The basic ingredients that you’ll need for a party of 8 or people are:

  • Short grain sushi rice (BHL has so many different brands, I just go for the best value for money)
  • Two bags of 10 x sheets of sushi nori; these are the sheets that you roll the sushi up in. If you’ve got a big group of people, get two bags so that people have a chance of getting seconds. Sushi isn’t that filling.
  • A bottle of sushi vinegar; this is the only expensive item on the list – half a litre of sushi vinegar can be as much as £5 – but you can’t make decent sushi rice without it!
  • Rolling mats, chop sticks; if you want more than one person at a time rolling their sushi, you’ll need several rolling mats. They’re only a pound each though, so go nuts!
  • Styrofoam/paper/plastic plates and cups; if you don’t fancy washing soy sauce and wasabi off all of your plates, just get disposable ones.
  • Soy sauce, wasabi and Japanese mayonnaise; never heard of Japanese mayonnaise? Get some. Trust me.
  • Saki and Asahi; traditional Japanese booze. If everyone is awful at making sushi, or doesn’t really like the taste of it once they’ve made it, you’ll need lots of alcohol to salvage the night.
  • Fortune cookies; a bit of cultural appropriation going on here, I know. Fortune cookies are not a Japanese thing, but they’re tasty and fun and BHL sell them at about £2.50 for a box of 12. And even the most miserable party guests will cheer up after you give them a fortune cookie. The only reaction that it’s humanly possible to have to a fortune cookie is mild excitement.
Photo Credit: flickr.com/photos/avlxyz
Photo: flickr.com/photos/avlxyz

If the selection at BHL doesn’t get your motor running, head down to Summerland Street (the road with Unit 1 on it), where there are several different Asian food shops. As for ingredients to fill your sushi, why not try one of the many local produce shops around Sidwell Street and Old Tiverton Road.
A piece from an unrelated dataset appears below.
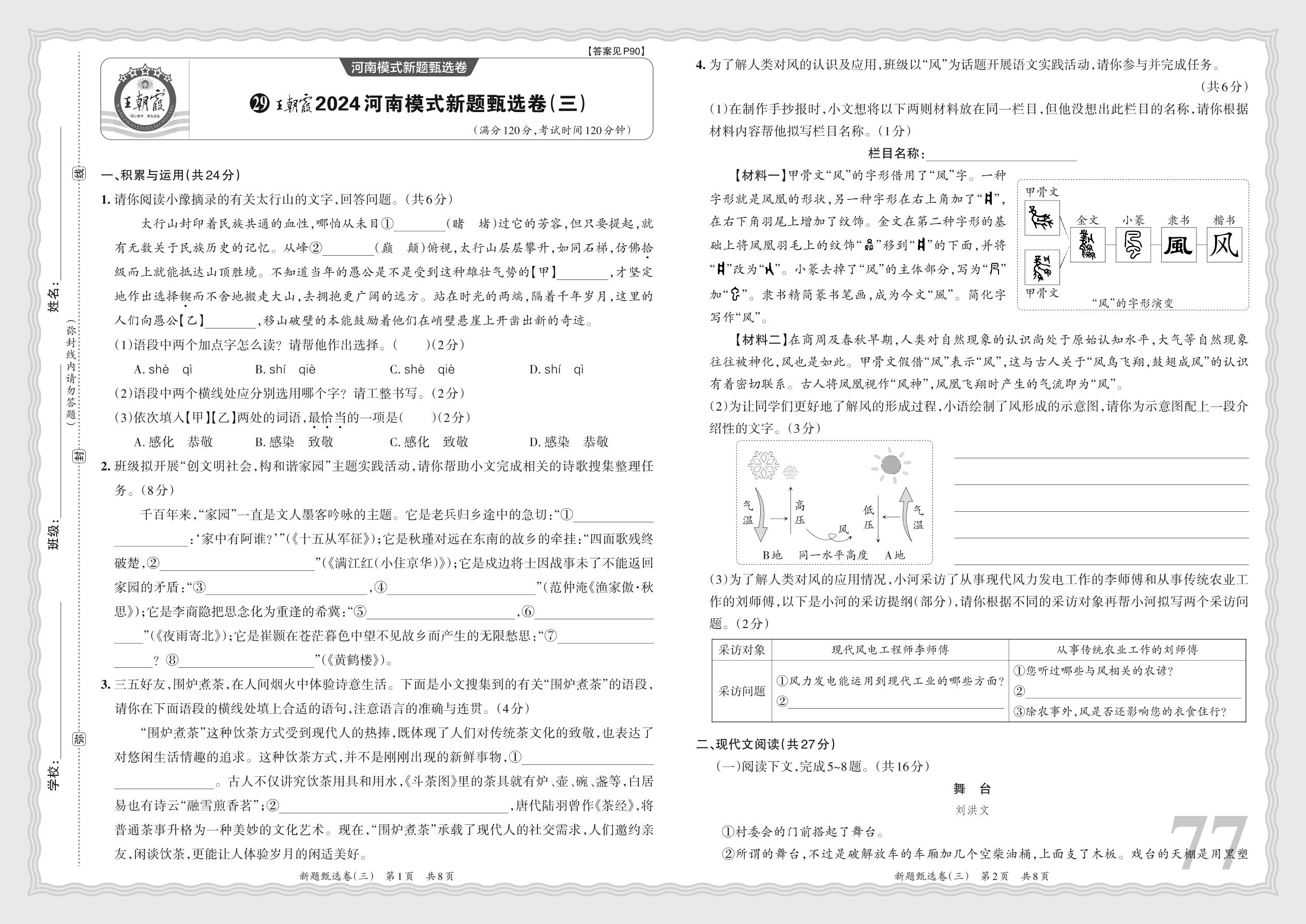 王朝霞2024河南模式新题甄选卷(三)·中考语文【29】

The Best One International Food Shop always has cheap, fresh veg in the crates outside the shop and their selection of exotic imported veg is stunning. Inside they also have a really good selection of green tea, which is a great accompaniment to sushi. For a traditional Japanese fishy filling for your sushi, head to Brothers Butchers at the very bottom of Sidwell Street near the roundabout and ask for ‘sushi grade’ salmon or tuna. The quality of fish you get from these places will be so much higher than at the supermarket, and it’s usually cheaper, too.

So there you go! Everything you need for your sushi party. If, like me, you are the only person who can make sushi in the group, offer to teach everyone else. You get to be the centre of attention for a while, but it does mean that you’re the last person who can get drunk. If you can’t make this commitment, another idea is to all learn together – YouTube is full of excellent videos on how to make different kinds of sushi.

Whatever you do, though, do not celebrate your recent return to health after a horrible bout of food poisoning by getting smashed on Japanese saki. You’ll end up right back where you started. If you must hit the bottle hard, at least teach your friends how to make sushi before becoming incoherent. Oh well, we live and learn.